The advent of high-throughput sequencing technologies enables an understanding of the genomic architecture of heterogeneous populations of cells, thus estimating the frequency of various subclones of tumor cells. Iman Hajirasouliha (Brown University, USA) formulated the clonal expansions of tumor cells with a rooted binary tree in which the nodes correspond to different populations of tumor cells with a distinctive mutation profile. The edges also represent their ancestral relationships. Their binary tree partition algorithm reduces the intrinsic computational challenge. Quaid Morris (University of Toronto, Canada) presented PhyloSub for modeling the clonal evolutionary pattern of tumors. PhyloSub uses a nonparametric Bayesian inference based on Markov chain Monte Carlo sampling and employs the Dirichlet process as the prior distribution over trees conducted over the single-nucleotide variant (SNV) frequency data of one or multiple tumor samples. He also presented an additional model to address the challenge of multiple phylogenies derived from the SNV frequency data.
Metagenomics and metaproteomics of microbiomes
The human microbiome is becoming increasingly relevant to the understanding of the pathophysiology of diseases. Of note, Eric Franzosa (Harvard School of Public Health, USA) collected stool and saliva samples from healthy individuals and uncovered a discordancy between their metagenomic DNA count and metatranscriptomic mRNA expression profile. Furthermore, he found a small number of oral species that are genomically present and yet transcriptionally inactive in the gut microbiota and vice versa. Kristoffer Forslund (European Molecular Biology Laboratory, Germany) developed a population-scale metric to assess, in gut metagenomes, the antibiotic resistance potential associated with consumption by food type and country. He found a positive correlation between antibiotic use in animals and evolving resistance of human gut microbiota that is country specific. By contrast, metaproteomics has a role in disease diagnoses but is limited by the presence of highly similar protein sequences among related organisms. Bernhard Renard (Robert Koch Institute, Germany) presented an algorithm named Pipasic that corrects peptide proteome abundance after modeling the aggregated abundance by similar protein sequences. He demonstrated more-accurate quantification of peptides for mixed species in comparison with alternative methods.

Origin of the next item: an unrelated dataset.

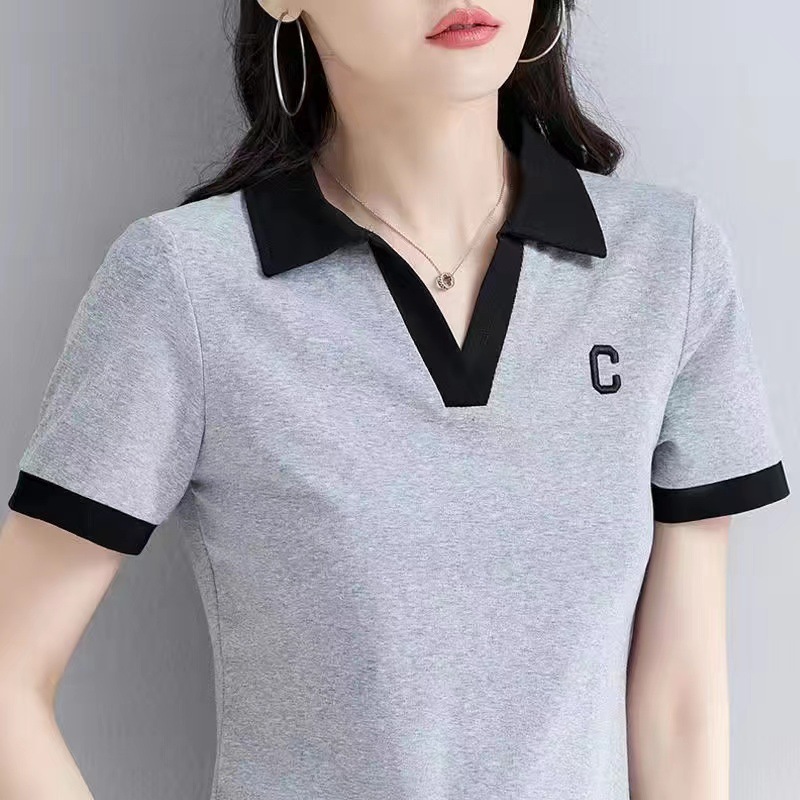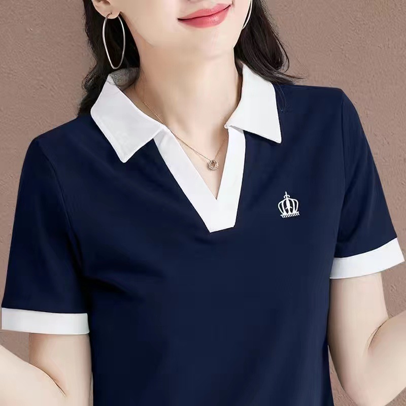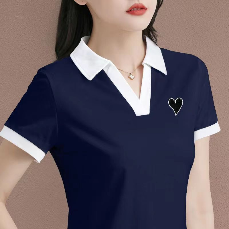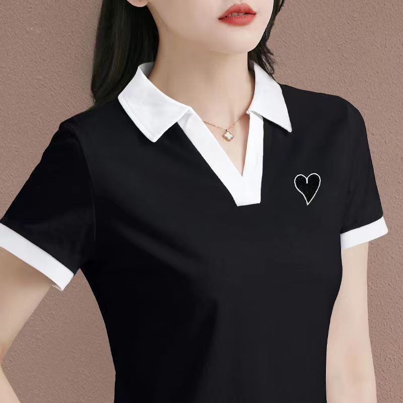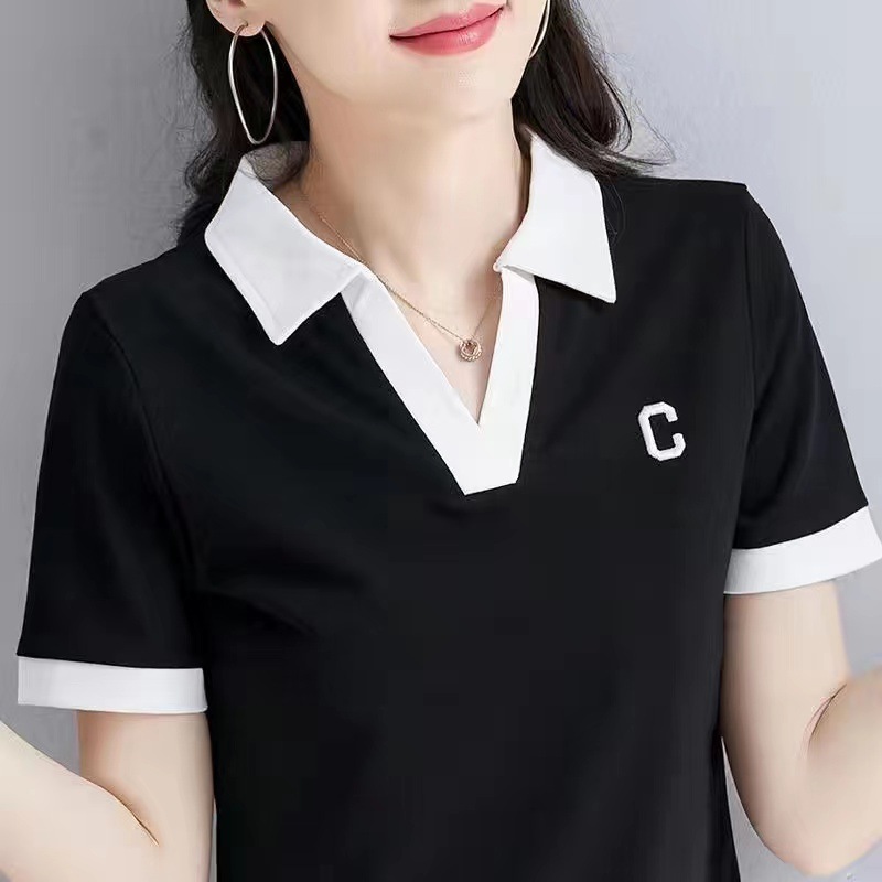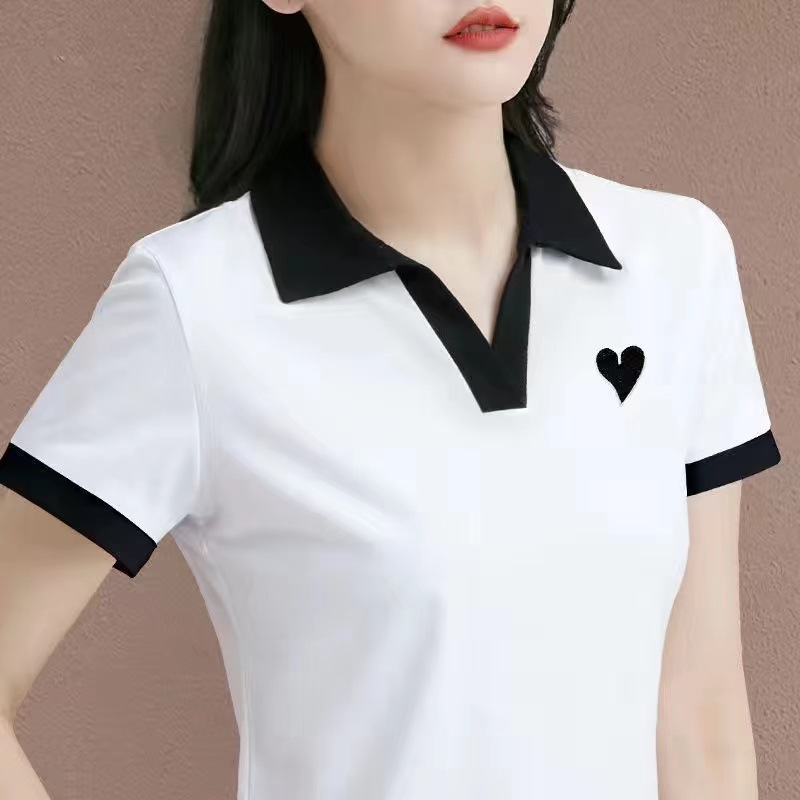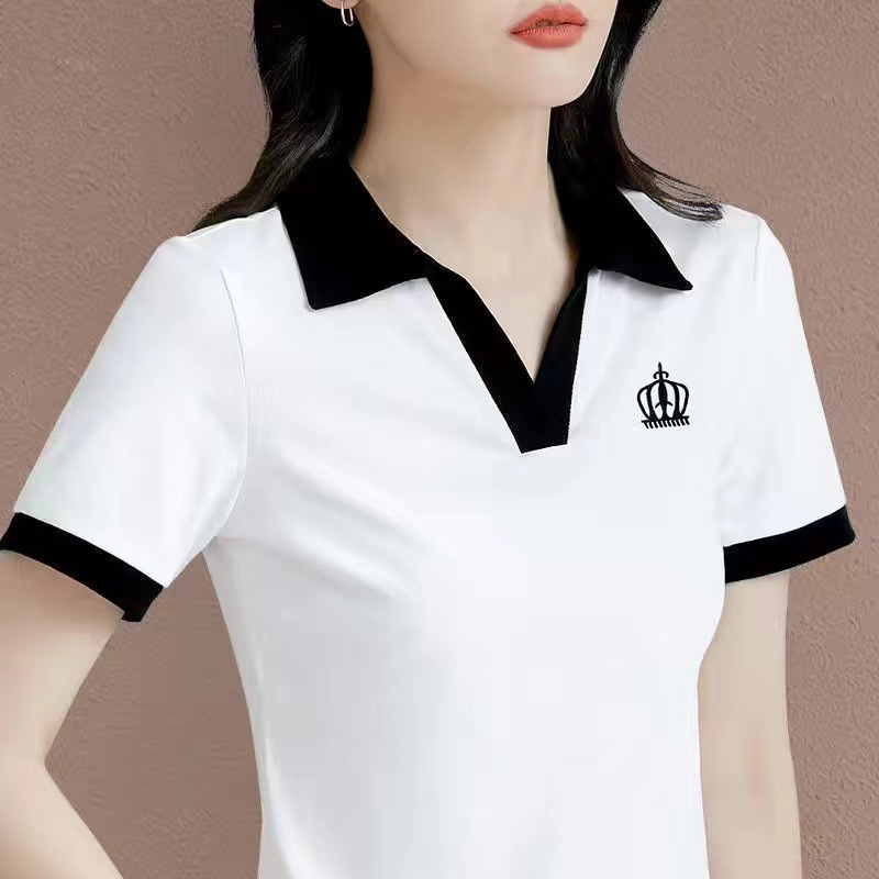 Главная страница > Женская футболка-поло с короткими рукавами и лацканами, новинка 2023 года, модные летние модные топы высокого класса

ENCODE-driven analytics and data integration
Since its release in 2012, the innovative data-driven project known as ENCODE has led to many ongoing studies. As reflected in more than 20 posters and talks at the conference, this abundant data source can be re-used to model biological systems, to generate hypotheses or discoveries in high throughput, and to confirm pre-existing hypotheses. For instance, Andrew Johnson (National Institute of Health, USA) built a comprehensive database, named GRASP, that was derived from 1,390 genome-wide association studies (GWASs) and included more genotype-phenotype associations than the National Human Genome Research Institute GWAS catalogue, including expression quantitative trait loci (eQTLs), methylation QTLs and metabolite QTLs. Johnson demonstrated an example that combined histone and ChiP-Seq signatures in ENCODE to validate the function of trait-associated single-nucleotide polymorphisms. Additionally, Yuanfang Guan (University of Michigan, USA) employed the RNA-Seq data of ENCODE to predict the distinct functions of each isoform of a gene. Using a multiple-instance learning technique in conjunction with a support vector machine, they consider a gene as a ‘bag’ of multiple isoform instances with potentially different functions. Thereafter, they can learn the common-feature model of a subset of the isoforms across all genes involved in the specific gene ontology term function under consideration.

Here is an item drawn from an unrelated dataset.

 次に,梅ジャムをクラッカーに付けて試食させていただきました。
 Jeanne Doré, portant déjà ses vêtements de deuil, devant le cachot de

Finally, two studies used genome-wide chromosome conformation capture data that provide information on long-range interactions among chromatins. Using maximum-likelihood approaches, Noam Kaplan (University of Massachusetts, USA) predicted the locus of 65 human genome contigs, for which the alignment was unknown. Jianlin Cheng (University of Missouri Columbia, USA) predicted the three-dimensional structure of whole human chromosomes and unveiled important structural conformations that could be related to mechanisms underlying malignant B-cell acute lymphoblastic leukemias.
Encyclopedia of DNA Elements
expression quantitative trait locus
Genome-wide association study
Quantitative trait locus
Short tandem repeat
We thank Colleen Kenost for her manuscript revisions. This work has been supported in part by the Office of the Vice-President for Health Sciences of the University of Arizona, The Arizona Health Sciences Center, The BIO5 Institute, The National Library of Medicine (K22 LM008308-04) and The University of Arizona Cancer Center (P30CA023074).
The authors declare that they have no competing interests.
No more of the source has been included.